For those familiar with code diff, this is essentially the same problem. Except, in this case, we the do the alignment of characters in a word and a diff performs alignment of lines in a file. Characters present in the second word but not in the first counts as additions; characters present only in the first word are deletions and characters present in both are matches - like unchanged lines in a diff.

To get that alignment, we start from the last character and trace back the best option. The pattern to looks for an alignment is the corner increase (diagonal+1 is greater than left or up.)

4,4   3,3   2,2    1,1    0,0
4,5   3,4   2,3    1,2    0,1

The pattern to look for to move left is:

3,3
4,4

The pattern to look for to move up is:

3,4
3,4

We try to resolve equality the following way:

3,3
3,3
  1. Prefer moving UP: toward the start of the candidate. This strategy ensures we highlight toward the start of string instead of the end when all else is equal.
  2. If not available, prefer moving LEFT (optional character)
  3. Only accept alignment DIAG when it is the absolute best option.

Algorithm Conclusion

The LCS algorithm allows to detect which character of the query are common to both words while being in proper order. (For example g is common to both word but discarded because out of order.)

LCS is not immediately useful for fuzzaldrin needs.
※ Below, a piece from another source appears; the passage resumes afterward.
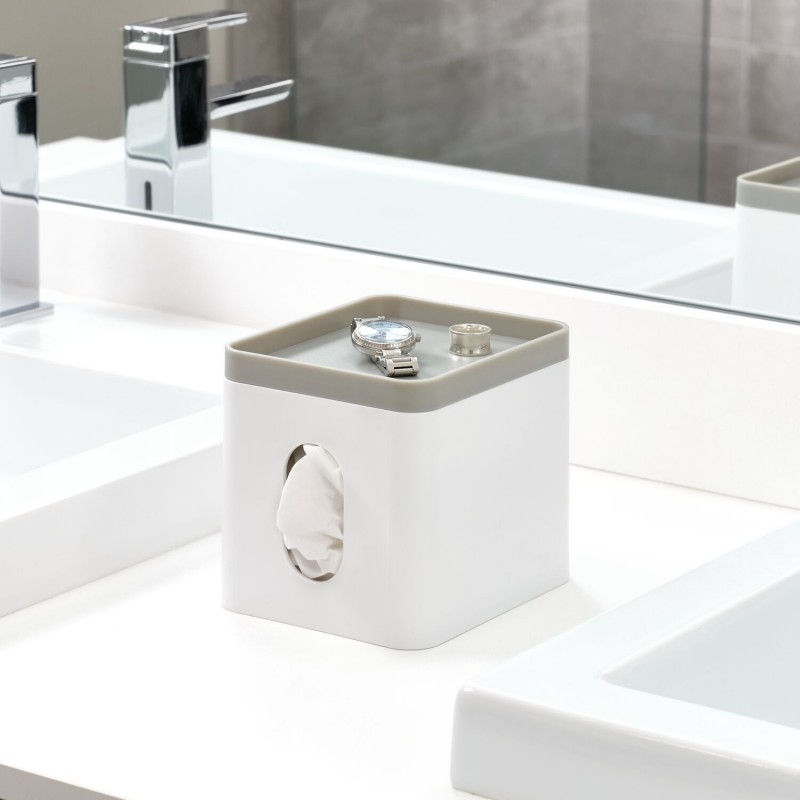 С этой емкостью для бумажных полотенец и сухих салфеток вы с легкостью наведете порядок в ванной или на туалетном столике. Она выполнена в нежном цвете и будет отлично сочетаться с другими аксессуарами из этой же серии. Емкость позволяет хранить бумажные полотенца и сухие салфетки. не извлекая их из коробки. Заводскую упаковку достаточно поместить внутрь пластиковой емкости. чтобы совпали отверстия в передней части. При этом разномастные упаковки будут скрыты лаконичным дизайном емкости. это сделает интерьер вашей ванной комнаты гармоничным. Сверху емкость закрывается крышкой. которая имеет углубление для самых разных мелочей. часов. украшений. косметики. аксессуаров для волос. Компактные размеры позволяют разместить емкость на раковине или столешнице. не занимая много места. Прочный матовый пластик обеспечит долговечность и легкость в уходе.

Because fuzzaldrin require ALL characters of the query to be in subject to have a score greater than 0, LCS for all positive candidates would be the length of the query.

However, the dynamic programming table used to solve LCS is very useful to our need. The ability to select the best path and skip that g even if it is present in both query and candidate is the key to improves over left-most alignment. All we need for this to works is a bit more detail in score than 0 or 1.

Similarity score

Matching character does not have to be binary. Case sensitive match can still prefer proper case, same goes with accents. A diff tools can decide a line has been modified, instead of registering an addition and a deletion. A handwriting recognition tool can decide a and o are somewhat more similar to each other than they are to w, and so on.

We use character similarity as a way to build and score patterns. That is, we consider that character are similar from their own quality ( such as case) as well of being part of a similar neighborhood (consecutive letters or acronyms)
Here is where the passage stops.